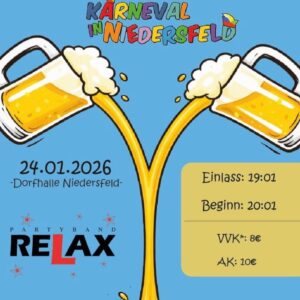„Einfach Laufen lassen!“ So lautete das Motto des Abends beim großen Karneval in der Dorfhalle Niedersfeld. Das Programm war gespickt mit ordentlich gesalzenen Inhalten, spektakulären Einlagen und Dialogen, bei denen man die Ohren spitzte. Einige Programmpunkte drückten ordentlich auf die Tränendrüse und das bunt gemischte Publikum gab für das zweistündige Programm viel und berechtigten Applaus.
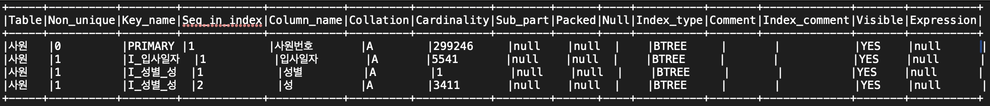- I_성별_성 인덱스 = 성별 열 + 성 열
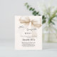 Um bege macio, fundo colorido creme, decorado com um arco. Personalize e adicione um nome e detalhes da parte. Texto: Ela é casando. 1 folha = 1 convite impresso de borda a borda.
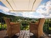 Zimmer im Landhausstil, französische Stoffe, Boxspringbett, DU/WC,Haartrockner, Kosmetikspiegel, Flachbild- TV, Minibar, Terrasse mit wunderschönen Blick auf Mosel und Garten, kostenfreies W-LAN, Verwöhn Frühstück vom Buffet

TASK BRIEF> Look for the line that contains "- I_성별_성 인덱스 = 성별 열 + 성 열", then please copy it and the rest of the lines through the end of the data, pictures excluded.

FINISHED EXERCISE>
- I_성별_성 인덱스 = 성별 열 + 성 열
 Um bege macio, fundo colorido creme, decorado com um arco. Personalize e adicione um nome e detalhes da parte. Texto: Ela é casando. 1 folha = 1 convite impresso de borda a borda.
 Zimmer im Landhausstil, französische Stoffe, Boxspringbett, DU/WC,Haartrockner, Kosmetikspiegel, Flachbild- TV, Minibar, Terrasse mit wunderschönen Blick auf Mosel und Garten, kostenfreies W-LAN, Verwöhn Frühstück vom Buffet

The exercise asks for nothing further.